Please modify the calling code to test validity before dereferencing.
----- End Fatal Exception -------------------------------------------------

borzari avatar Jun 08 '24 17:06 borzari

I get the message as if I was not checking the tracks:

Isn't track.recHitsOk() checking that the TrackExtra is valid?

mmusich avatar Jun 08 '24 17:06 mmusich

Isn't track.recHitsOk() checking that the TrackExtra is valid?
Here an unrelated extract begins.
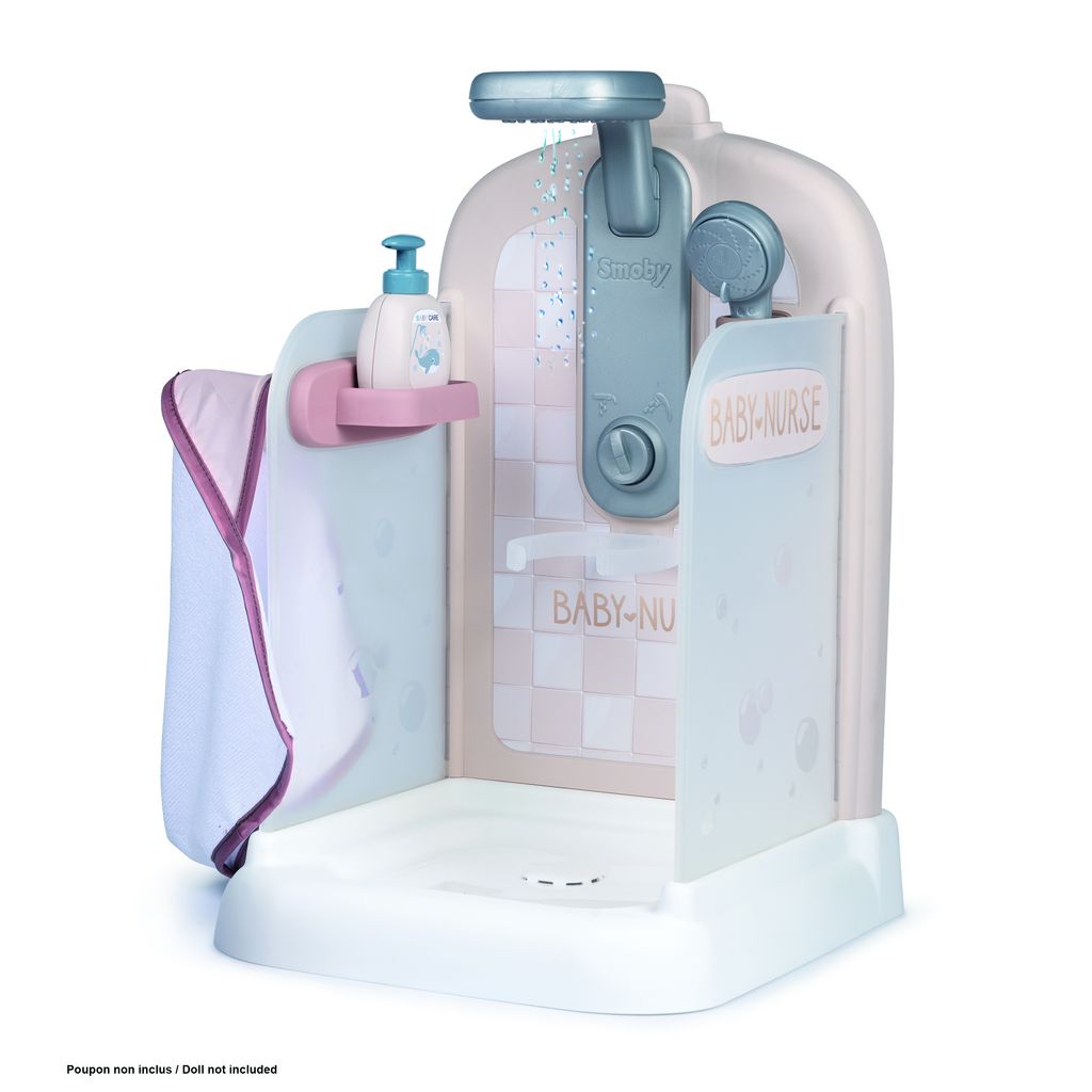 Avec la douche Baby Nurse, votre enfant pourra prendre soin de son poupon ! La douche possede un pommeau de douche fonctionnel : remplissez le réservoir d'eau et grâce a un systeme de pompe, votre petit pourra alors s'amuser a laver son poupon avec les jets d'eau ! Un porte-poupon, des pateres, une étagere, un pommeau de douche fonctionnel (circuit fermé) et divers accessoires sont inclus pour agrémenter les fonctions de jeu : cape de bain matiere éponge, pousse-mousse gel douche avec action mécanique, douchette amovible. Livret éducatif inclus. Pour poupons jusqu'a 40cms. Poupon non inclus. A partir de 3 ans.

Should be. I implemented it like Slava suggested here

Could it be that, although I am adding only tracks with valid TrackExtra to selTracks, the framework still needs me to check if I am looking at a valid track (that have TrackExtra) from it to check if it has valid hits/hitpattern? I am not sure how the "not valid TrackExtra" exception works, that is why I am asking

borzari avatar Jun 08 '24 17:06 borzari

The check I used was

if (track.extra().isAvailable()) {

Dr15Jones avatar Jun 08 '24 19:06 Dr15Jones

The check I used was

if (track.extra().isAvailable()) {

Alright @Dr15Jones, but does it happens every time I am using a reco::Track anywhere?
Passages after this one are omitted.